U.S. home prices marked a quarterly decline for the first time in 13 years in the third quarter, according to government data released Thursday that provide fresh evidence of the housing-market slump.

But Washington cities continued to defy that trend.

U.S. home prices dipped 0.4 percent nationwide in the July-September period, compared with the previous quarter, the Office of Federal Housing Enterprise Oversight (OFHEO) said.

Biting the hand that feeds youBut prices in the Seattle-Bellevue-Everett region rose 1.24 percent, OFHEO found.

“Rising inventories of for-sale properties are clearly having a material impact on home prices,” said Patrick Lawler, the agency’s chief economist.

Washington state, however bucked that trend, with 6.98 percent price growth year over year. That was the fifth-highest in the nation behind leader Utah at 12.89 percent.

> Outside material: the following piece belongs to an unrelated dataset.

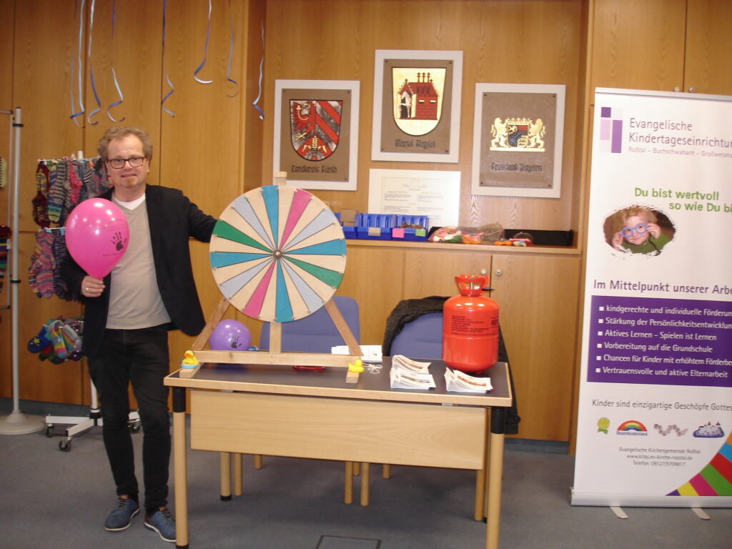 Unsere netten Nachbarn von den Evangelischen Kindertageseinrichtungen zog viele Kinder an, die unbedingt mal am Glücksrad drehen, und Gummibärchen, Luftballons und anderes gewinnen wollten

In other news, a prominent video game journalist was allegedly fired over a negative review of a game which was highly advertised on his employer’s site, serving as an example for journalists everywhere of what happens when you bite the hand that feeds you.

Now everyone go out and buy a condo. Right now.

(Marcy Gordon / Elizabeth Rhodes, Associated Press / Seattle Times, 11.30.2007)

0.00 avg. rating (0% score) - 0 votes

About The Tim

Tim Ellis is the founder of Seattle Bubble. His background in engineering and computer / internet technology, a fondness of data-based analysis of problems, and an addiction to spreadsheets all influence his perspective on the Seattle-area real estate market. Tim also hosts the weekly improv comedy sci-fi podcast Dispatches from the Multiverse.

36 comments:

  1. 1
    Grvetti says:

    This is what is so entirely frustrating about Liz Rhodes, because unlike Aubrey, there’s not even the vaneer of impartiality to her reporting…

    I’ve stopped writing her because her responses are less thought out than a parrot. My big beef with her is that when I would bring up the “conflict of interests” argument, she spews the following (and I’m paraphrasing)…

    Seattle Times advertisers have NO sway over our reporting, they’re not even located in our building, they’re located next door!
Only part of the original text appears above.